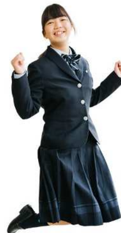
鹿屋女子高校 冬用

...

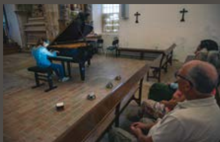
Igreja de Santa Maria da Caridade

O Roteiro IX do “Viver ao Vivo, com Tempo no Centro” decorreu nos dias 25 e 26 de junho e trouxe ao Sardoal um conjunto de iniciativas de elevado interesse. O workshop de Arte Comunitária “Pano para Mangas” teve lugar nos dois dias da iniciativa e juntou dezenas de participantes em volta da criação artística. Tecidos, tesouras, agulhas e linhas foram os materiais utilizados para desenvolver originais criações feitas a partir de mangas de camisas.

...

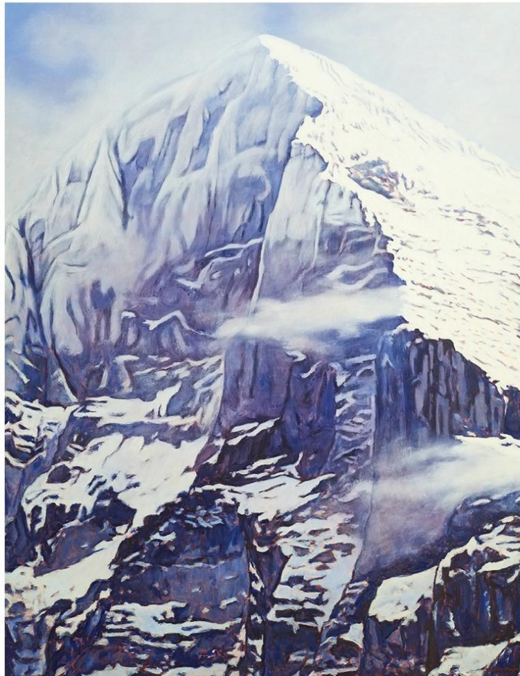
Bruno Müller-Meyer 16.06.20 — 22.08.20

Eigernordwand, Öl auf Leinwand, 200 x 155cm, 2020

• _Problem to work on_: Copy the stretch of the records above that runs from the line with "Igreja de Santa Maria da Caridade" through the line with "O Roteiro IX". Both end lines belong in the copy, and nothing else does.

• _Response to the exercise_:
Igreja de Santa Maria da Caridade

O Roteiro IX do “Viver ao Vivo, com Tempo no Centro” decorreu nos dias 25 e 26 de junho e trouxe ao Sardoal um conjunto de iniciativas de elevado interesse. O workshop de Arte Comunitária “Pano para Mangas” teve lugar nos dois dias da iniciativa e juntou dezenas de participantes em volta da criação artística. Tecidos, tesouras, agulhas e linhas foram os materiais utilizados para desenvolver originais criações feitas a partir de mangas de camisas.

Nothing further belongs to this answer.